Acórdão nº 76/03.9GBFIG.C1 de Court of Appeal of Coimbra (Portugal), 14 de Janeiro de 2009

Magistrado ResponsávelHEITOR VASQUES OS
Data da Resolução14 de Janeiro de 2009
EmissorCourt of Appeal of Coimbra (Portugal)

10 I. RELATÓRIO.

Pelo 3º Juízo do Tribunal Judicial da comarca da Figueira da Foz, sob acusação do Ministério Público, foram submetidos a julgamento, em processo comum com intervenção do tribunal colectivo, os arguidos, …, …, … e, …, todos com os demais sinais nos autos, a quem era imputada a prática dos seguintes crimes e contra-ordenação: - Ao primeiro arguido, um crime de furto qualificado, p. e p. pelos arts. 203º, nº 1 e 204º, nºs 1, a) e 2, e), do C. Penal; - Aos segundo e terceiro arguidos, em co-autoria, um crime de detenção de munições de arma de fogo, p. e p. pelo art. 86º, nº 1, d), da Lei nº 05/2006, de 23 de Fevereiro; - Ao quarto arguido, uma contra-ordenação p. e p. pelos arts. 2º, nºs 1 e 2 e 16º, nº 2, da Lei nº 30/00, de 29 de Novembro, e um crime de tráfico de canabis, p. e p. pelo art. 21º, nº 1 do Dec. Lei nº 15/93, de 22 de Janeiro, com referência à Tabela I-C, anexa ao referido diploma.
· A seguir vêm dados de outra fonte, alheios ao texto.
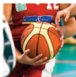
U15F2 - BC Thermal - 10/11/18 https://s.joomeo.com/5bfbb43393c2f

Pour alimenter la photothèque, déposez vos photos sur sluc.photos@gmail.com
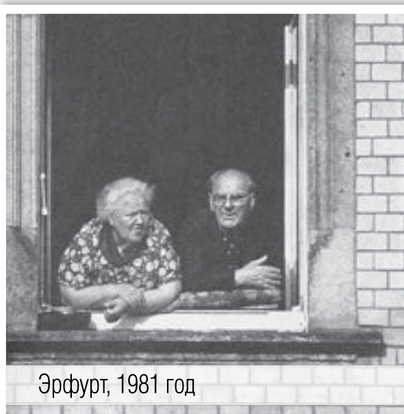
Эрфурт, 1981 год
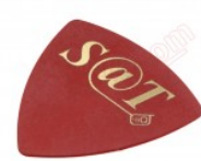
Púa especial SAT de 0.75mm de PVC de alta fricción
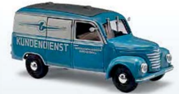
51246 Barkas V901/2 Kastenwagen Nr. 3 VEB Barkas-Werke Hainichen
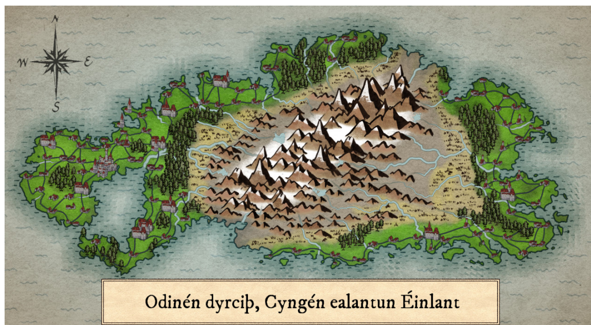
Figure 1.1: Carte du XIX ème siècle d'Éinlante

à véritablement s'implanter, la religion nordique païenne restant largement dominante jusqu'au XIX ème siècle où un déclin rapide des diverses religions aura lieu. De nos jours, la population d'Éinlante est à environ 68% païenne, 15% athéiste, 9% de sa population suit une des religions monothéistes (principalement le Protestantisme et le Chistianisme), 6% bouddhiste et 2% de la population suit des religions diverses (Hindouisme, Chamanisme,...).
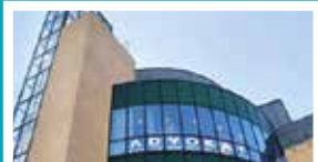
Bekkestua – Bærum Bærumsveien 205–207
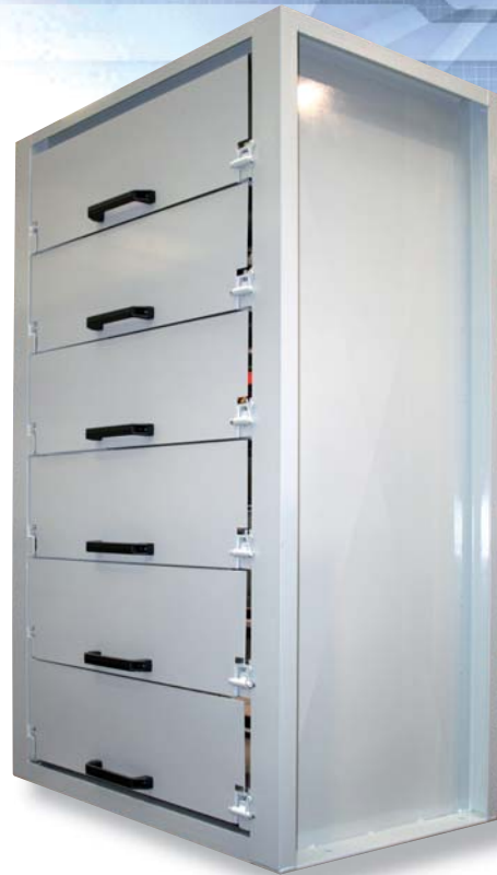
Sondermodell mit Wänden und frontseitig geschlossenen Fächern
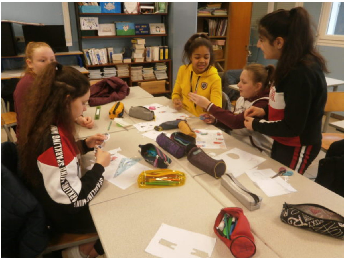
Une équipe de la classe de 5B réalisant les décors et les accessoires
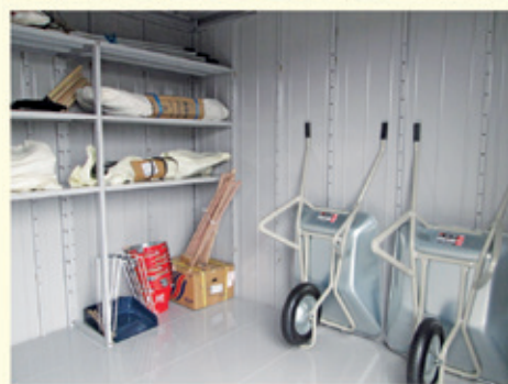
社会福祉法人春風寮に設置した備蓄倉庫
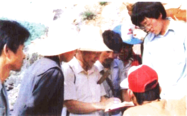
◀石油天然气 总公司人教局尹道 默副局长检查学生 地质实习
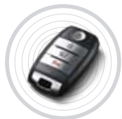
버튼 시동 스마트 키 & 스마트 트렁크

Realizado o julgamento foi proferido em 29 de Maio de 2008 acórdão que: - Absolveu os arguidos … e … da prática dos crimes que lhes eram imputados; - Condenou o arguido …, pela prática de um crime de detenção ilegal de munições de armas de fogo, p. e p. pelo art. 86º, nº 1, d), da Lei nº 05/2006, de 23 de Fevereiro, na pena de 7 meses de prisão, suspensa na sua execução pelo período de um ano; - Condenou o arguido …, pela prática de um crime de tráfico de estupefacientes de menor gravidade, p. e p. pelo art. 25º, a), do Dec. Lei nº 15/93, de 22 de Janeiro – resultante da convolação do acusado crime de tráfico de estupefacientes – na pena de 1 ano e 6 meses de prisão, suspensa na sua execução pelo período de um ano e seis meses, condicionada à frequência pelo arguido do Instituto da Droga e da Toxicodependência, e consequente acatamento das orientações que ali lhe sejam dadas com vista à superação da sua dependência do consumo de estupefacientes.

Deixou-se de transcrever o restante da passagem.